PROMPT: Each record should be copied exactly into the answer, and no picture should go with it.

DATA SECTION:

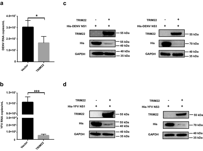 本环节的实验目的是拓展TRIM22的抗病毒谱,验证其对其他蚊媒黄病毒的抑制作用。方法细节为,在A549细胞中过表达TRIM22或空载体,12小时后以MOI=0.01的登革病毒(DENV-2)或黄热病毒(YFV 17D)感染细胞,24小时后通过实时荧光定量PCR检测细胞内的病毒RNA水平;在HEK293T细胞中共表达TRIM22与DENV或YFV的NS1、NS3蛋白,免疫印迹实验检测病毒蛋白的表达水平;使用TRIM22敲除细胞感染YFV,检测病毒复制水平。结果解读显示,过表达TRIM22可显著抑制DENV和YFV的RNA复制(n=3,P<0.01);TRIM22同样可降解DENV和YFV的NS1和NS3蛋白;TRIM22敲除细胞中YFV的复制水平较野生型细胞显著增强,证明TRIM22对蚊媒黄病毒具有广谱抗病毒作用。实验所用关键产品:DENV-2(43株)、YFV 17D株,实时荧光定量PCR实验使用对应病毒的特异性引物。
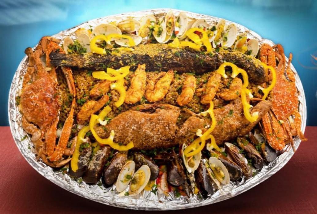 جندوفلى + جمبري مشوى + 2 كابوريا مشوية + 2 بورى + 2 بلطى + 4 أرز + 2 طحينة + 2 سلطة
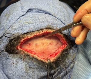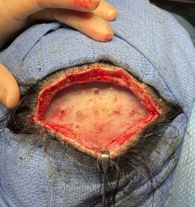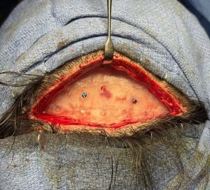 • A subperiosteal pocket is then carefully created over the frontal bone—and, when necessary, extended laterally over the temporal bone—to accommodate the implant.
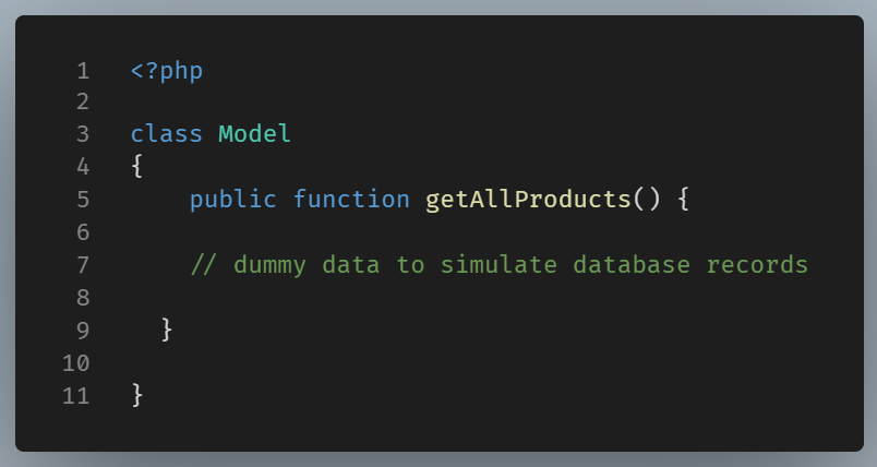 Let’s make a file named model.php and put in the PHP opening tag.
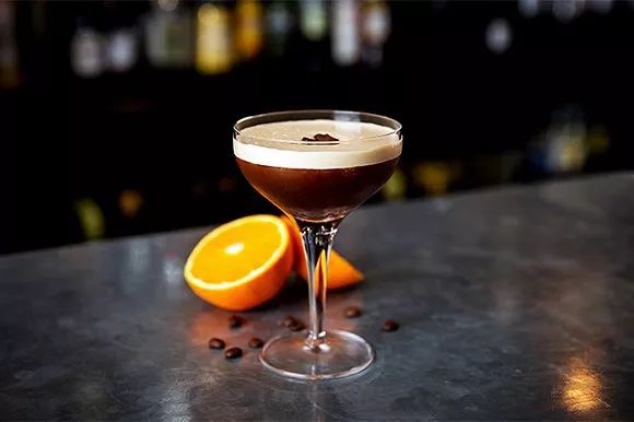 这款混合了伏特加、浓缩咖啡、烈性甜酒和香草的咖啡鸡尾酒最早出自英国调酒师Dick Bradsell。1980年代,还在伦敦著名酒吧Fred’s Club做吧台调酒师的Bradsell遇上了一位模特。她正好需要一款“能叫醒我,然后搞砸我”的酒。Espresso Martini最具标志性的装饰是飘在泡沫上3颗咖啡豆,一如飘在Old Tom gin martini上的3颗橄榄。
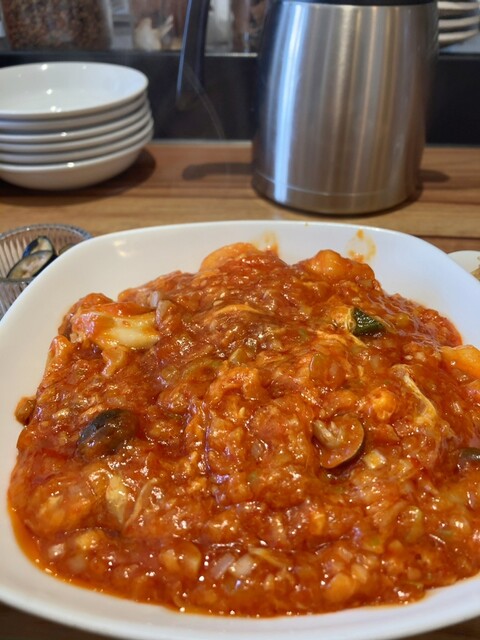 山盛りのエビチリにたくさんおっきめのエビ。ぷりぷりホクホク熱くてうまい、エビチリすくって、ご飯を拾ってお口にイン!熱い、うまい、辛い、最高です。
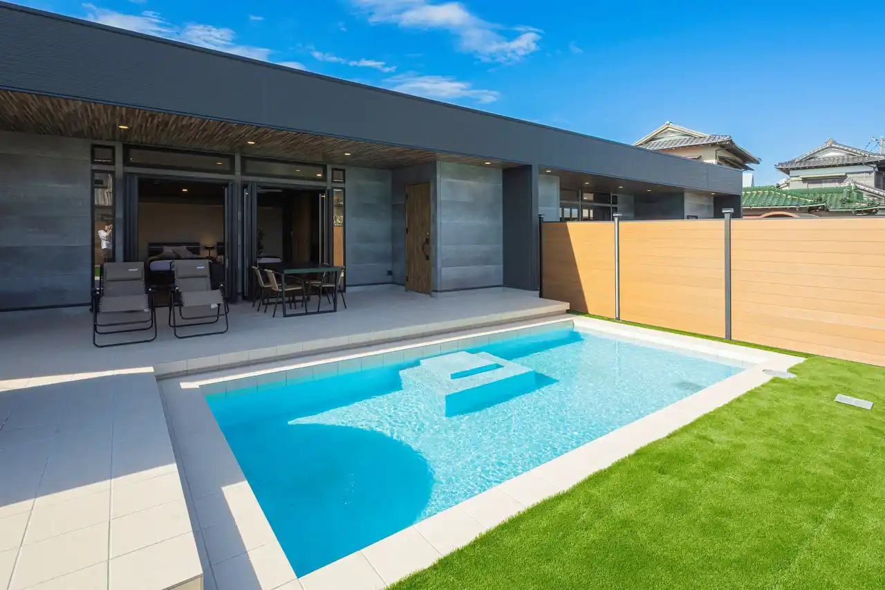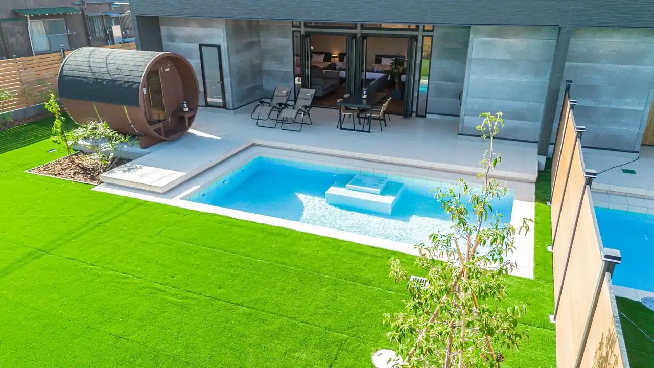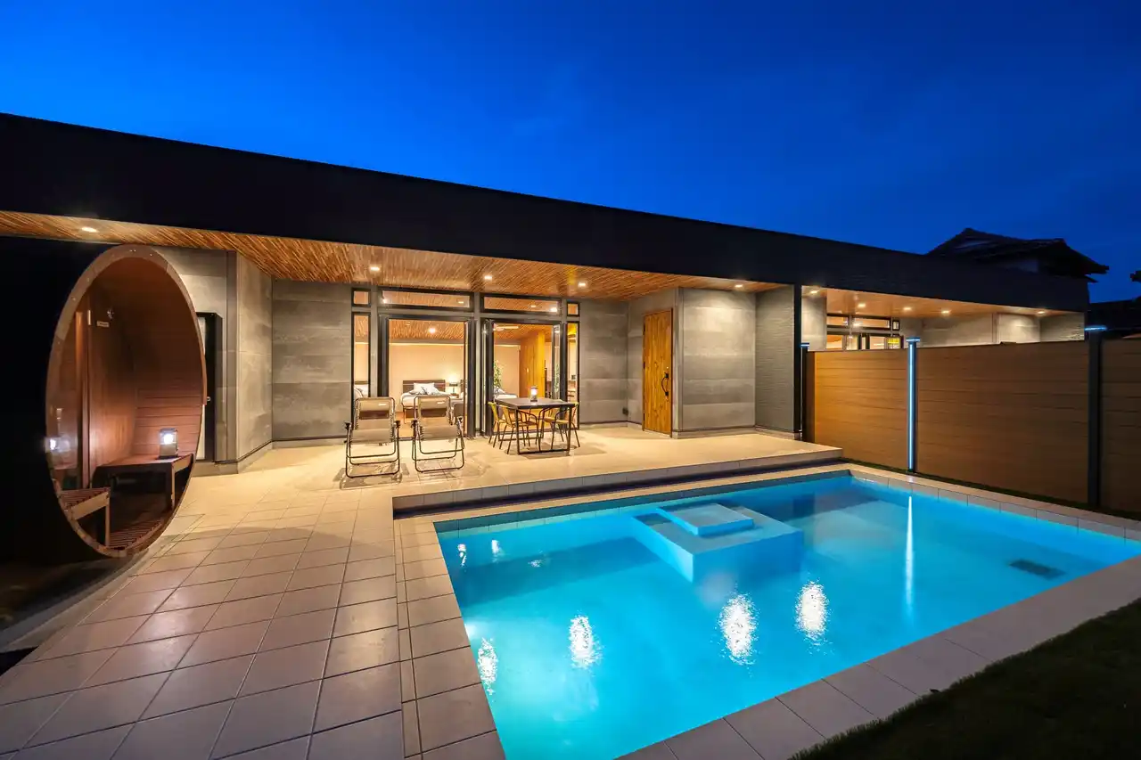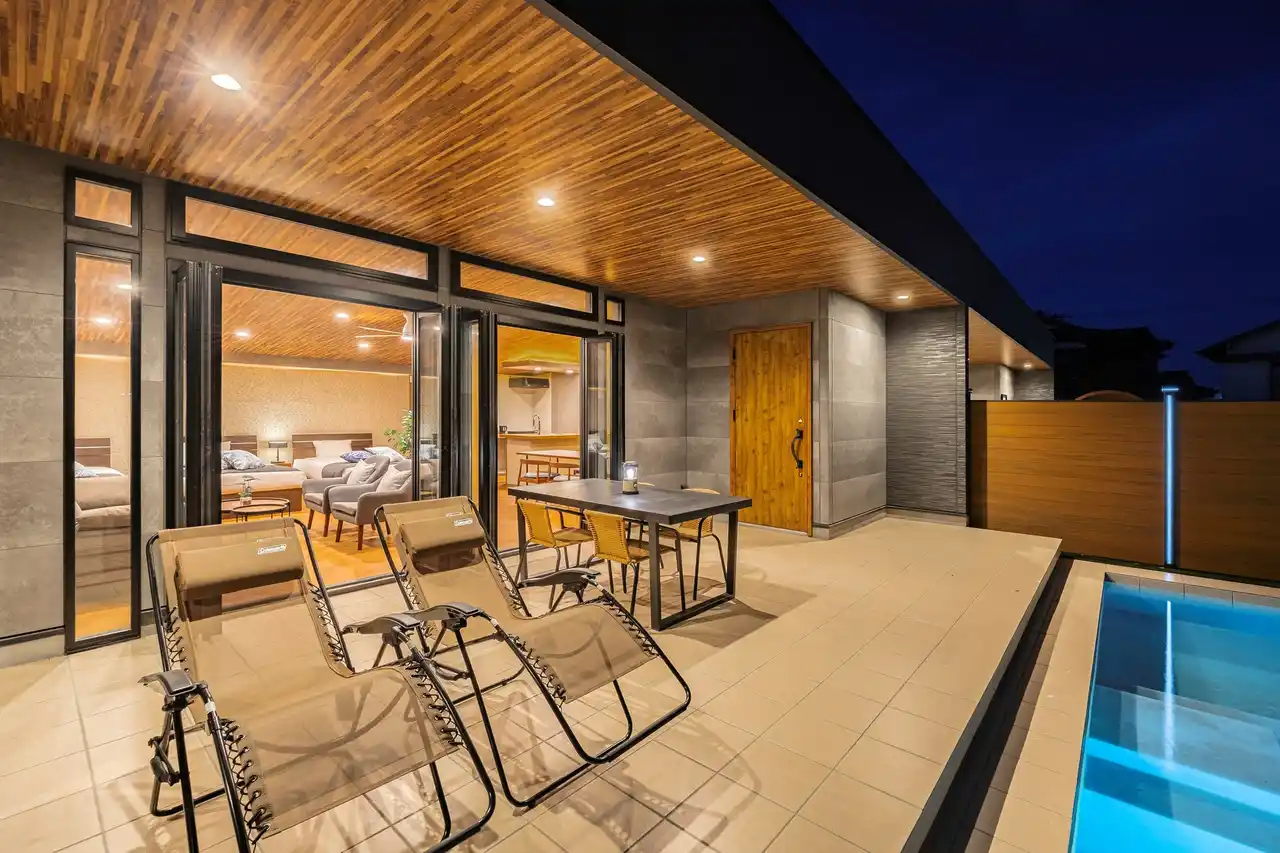 各棟に備えられたプライベートプールは他のお客様を気にせず、ご家族だけでゆったり楽しめる特別な空間です。 |

YOUR RESPONSE:
 本环节的实验目的是拓展TRIM22的抗病毒谱,验证其对其他蚊媒黄病毒的抑制作用。方法细节为,在A549细胞中过表达TRIM22或空载体,12小时后以MOI=0.01的登革病毒(DENV-2)或黄热病毒(YFV 17D)感染细胞,24小时后通过实时荧光定量PCR检测细胞内的病毒RNA水平;在HEK293T细胞中共表达TRIM22与DENV或YFV的NS1、NS3蛋白,免疫印迹实验检测病毒蛋白的表达水平;使用TRIM22敲除细胞感染YFV,检测病毒复制水平。结果解读显示,过表达TRIM22可显著抑制DENV和YFV的RNA复制(n=3,P<0.01);TRIM22同样可降解DENV和YFV的NS1和NS3蛋白;TRIM22敲除细胞中YFV的复制水平较野生型细胞显著增强,证明TRIM22对蚊媒黄病毒具有广谱抗病毒作用。实验所用关键产品:DENV-2(43株)、YFV 17D株,实时荧光定量PCR实验使用对应病毒的特异性引物。
 جندوفلى + جمبري مشوى + 2 كابوريا مشوية + 2 بورى + 2 بلطى + 4 أرز + 2 طحينة + 2 سلطة
 • A subperiosteal pocket is then carefully created over the frontal bone—and, when necessary, extended laterally over the temporal bone—to accommodate the implant.
 Let’s make a file named model.php and put in the PHP opening tag.
 这款混合了伏特加、浓缩咖啡、烈性甜酒和香草的咖啡鸡尾酒最早出自英国调酒师Dick Bradsell。1980年代,还在伦敦著名酒吧Fred’s Club做吧台调酒师的Bradsell遇上了一位模特。她正好需要一款“能叫醒我,然后搞砸我”的酒。Espresso Martini最具标志性的装饰是飘在泡沫上3颗咖啡豆,一如飘在Old Tom gin martini上的3颗橄榄。
 山盛りのエビチリにたくさんおっきめのエビ。ぷりぷりホクホク熱くてうまい、エビチリすくって、ご飯を拾ってお口にイン!熱い、うまい、辛い、最高です。
 各棟に備えられたプライベートプールは他のお客様を気にせず、ご家族だけでゆったり楽しめる特別な空間です。 |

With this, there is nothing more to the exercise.